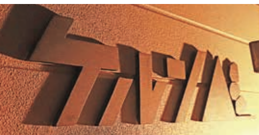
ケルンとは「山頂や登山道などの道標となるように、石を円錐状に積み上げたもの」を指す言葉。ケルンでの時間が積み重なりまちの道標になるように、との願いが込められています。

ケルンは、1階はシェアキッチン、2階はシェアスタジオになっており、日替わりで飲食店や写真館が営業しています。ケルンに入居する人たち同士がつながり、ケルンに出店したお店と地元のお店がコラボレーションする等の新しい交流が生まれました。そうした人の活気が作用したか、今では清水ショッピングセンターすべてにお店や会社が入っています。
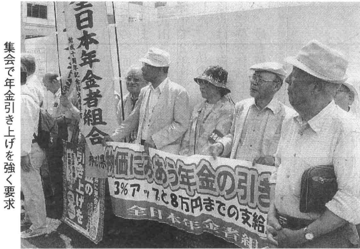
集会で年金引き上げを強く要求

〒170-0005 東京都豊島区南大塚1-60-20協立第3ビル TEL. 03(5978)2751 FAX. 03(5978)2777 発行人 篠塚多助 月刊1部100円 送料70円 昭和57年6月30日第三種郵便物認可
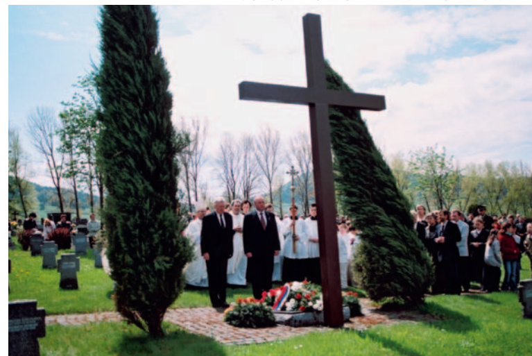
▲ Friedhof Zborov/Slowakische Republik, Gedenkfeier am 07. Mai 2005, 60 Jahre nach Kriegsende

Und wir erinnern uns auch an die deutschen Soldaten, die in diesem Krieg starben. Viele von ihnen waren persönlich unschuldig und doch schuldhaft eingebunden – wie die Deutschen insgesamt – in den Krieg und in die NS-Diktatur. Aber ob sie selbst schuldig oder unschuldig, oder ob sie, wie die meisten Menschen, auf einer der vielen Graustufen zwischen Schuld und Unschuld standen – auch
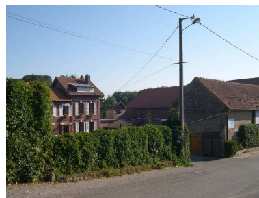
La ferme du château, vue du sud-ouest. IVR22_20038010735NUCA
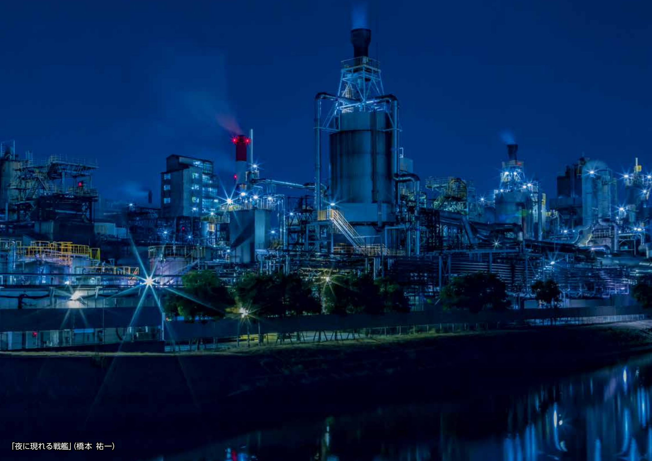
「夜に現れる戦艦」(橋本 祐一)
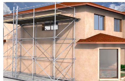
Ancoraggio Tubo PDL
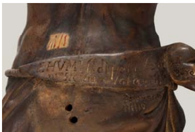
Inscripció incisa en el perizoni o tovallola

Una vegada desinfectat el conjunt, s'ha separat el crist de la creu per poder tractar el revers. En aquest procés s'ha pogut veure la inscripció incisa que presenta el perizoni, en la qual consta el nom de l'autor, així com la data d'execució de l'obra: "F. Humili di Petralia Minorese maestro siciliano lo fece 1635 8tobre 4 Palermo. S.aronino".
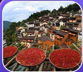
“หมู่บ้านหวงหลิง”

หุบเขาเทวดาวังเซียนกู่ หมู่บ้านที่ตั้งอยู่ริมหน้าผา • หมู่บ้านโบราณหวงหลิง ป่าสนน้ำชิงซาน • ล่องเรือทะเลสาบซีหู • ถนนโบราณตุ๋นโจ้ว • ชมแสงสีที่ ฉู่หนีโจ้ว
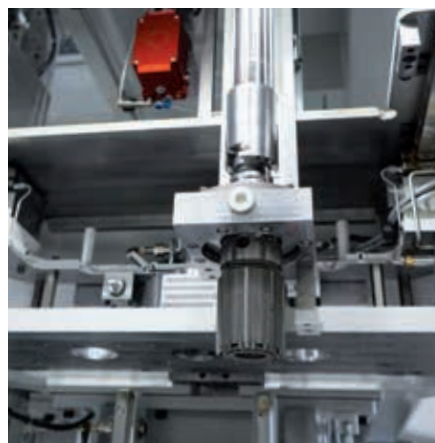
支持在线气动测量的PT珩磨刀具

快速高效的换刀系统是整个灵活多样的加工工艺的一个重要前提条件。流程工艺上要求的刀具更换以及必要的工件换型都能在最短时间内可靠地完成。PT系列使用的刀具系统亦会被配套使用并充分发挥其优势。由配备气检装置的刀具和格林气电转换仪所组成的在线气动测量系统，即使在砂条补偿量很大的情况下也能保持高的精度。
#####
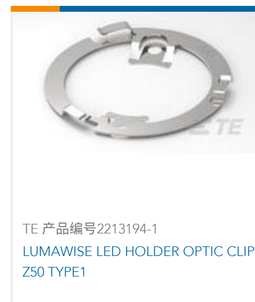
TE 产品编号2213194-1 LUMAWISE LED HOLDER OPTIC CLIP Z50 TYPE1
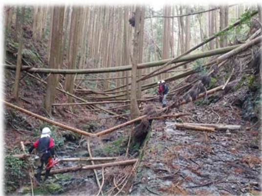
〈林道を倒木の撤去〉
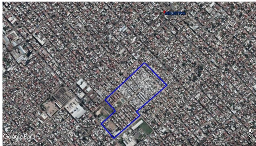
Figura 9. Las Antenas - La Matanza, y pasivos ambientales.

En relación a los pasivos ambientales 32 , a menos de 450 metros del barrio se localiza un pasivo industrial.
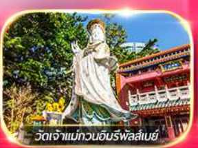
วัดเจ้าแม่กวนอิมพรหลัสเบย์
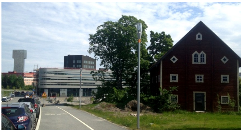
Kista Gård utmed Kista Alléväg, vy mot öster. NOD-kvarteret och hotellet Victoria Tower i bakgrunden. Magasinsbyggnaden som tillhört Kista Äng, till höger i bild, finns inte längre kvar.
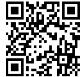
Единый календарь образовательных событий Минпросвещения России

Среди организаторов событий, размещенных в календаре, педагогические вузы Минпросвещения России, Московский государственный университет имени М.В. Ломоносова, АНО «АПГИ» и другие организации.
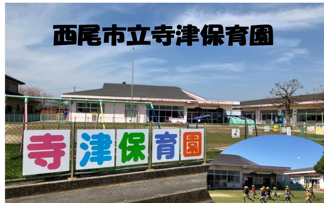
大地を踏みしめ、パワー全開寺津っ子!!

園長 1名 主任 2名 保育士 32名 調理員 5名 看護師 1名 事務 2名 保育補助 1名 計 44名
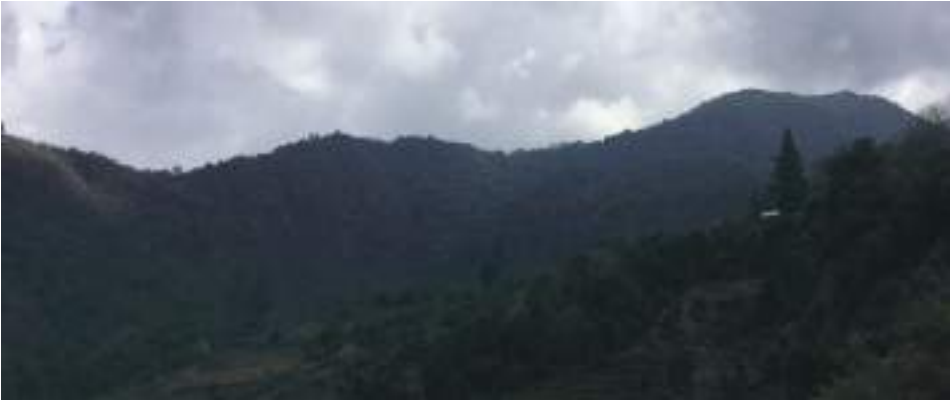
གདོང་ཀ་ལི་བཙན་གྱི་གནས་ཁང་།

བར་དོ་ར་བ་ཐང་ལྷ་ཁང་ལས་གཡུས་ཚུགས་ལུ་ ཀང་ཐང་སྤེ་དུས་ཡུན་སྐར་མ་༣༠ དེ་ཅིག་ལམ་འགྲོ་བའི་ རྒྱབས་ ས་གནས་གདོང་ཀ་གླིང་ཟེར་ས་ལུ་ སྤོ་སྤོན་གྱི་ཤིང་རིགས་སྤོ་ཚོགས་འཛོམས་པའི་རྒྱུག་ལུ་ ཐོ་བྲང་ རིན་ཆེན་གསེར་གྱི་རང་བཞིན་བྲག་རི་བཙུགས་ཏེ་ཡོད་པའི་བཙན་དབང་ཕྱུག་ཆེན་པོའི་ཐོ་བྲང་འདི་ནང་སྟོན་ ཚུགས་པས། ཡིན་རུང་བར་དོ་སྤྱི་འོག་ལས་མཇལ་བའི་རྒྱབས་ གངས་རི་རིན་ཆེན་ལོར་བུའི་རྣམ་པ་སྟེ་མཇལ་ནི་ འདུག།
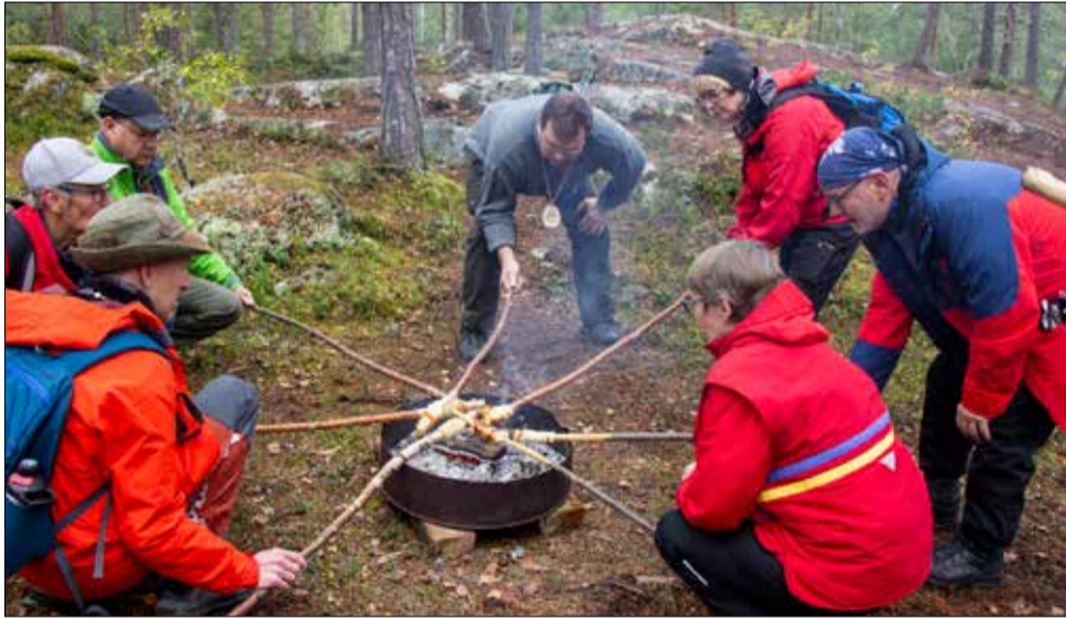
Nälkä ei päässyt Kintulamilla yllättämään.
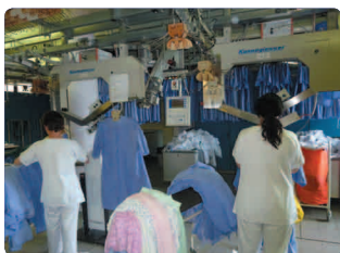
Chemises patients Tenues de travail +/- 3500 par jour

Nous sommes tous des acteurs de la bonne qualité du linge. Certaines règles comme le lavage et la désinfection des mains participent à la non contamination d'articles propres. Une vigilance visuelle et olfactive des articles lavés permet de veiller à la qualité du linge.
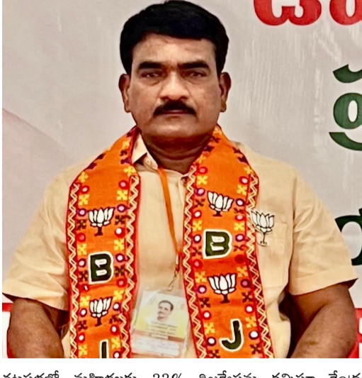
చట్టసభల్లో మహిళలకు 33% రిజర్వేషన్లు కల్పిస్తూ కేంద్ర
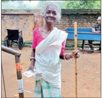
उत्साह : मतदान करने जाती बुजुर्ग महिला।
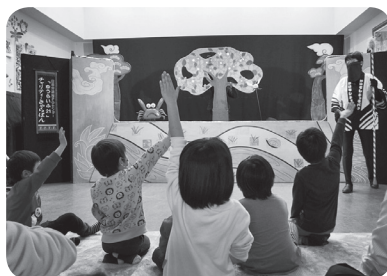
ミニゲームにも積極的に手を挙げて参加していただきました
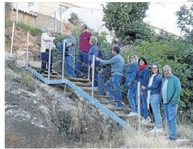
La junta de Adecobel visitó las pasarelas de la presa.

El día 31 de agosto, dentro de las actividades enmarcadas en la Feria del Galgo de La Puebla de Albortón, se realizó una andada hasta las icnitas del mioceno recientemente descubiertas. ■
#####
● **Task directions**: Filter on the word "pasivos": copy each matching line from the entries above.

● **Response**:
Figura 9. Las Antenas - La Matanza, y pasivos ambientales.
En relación a los pasivos ambientales 32 , a menos de 450 metros del barrio se localiza un pasivo industrial.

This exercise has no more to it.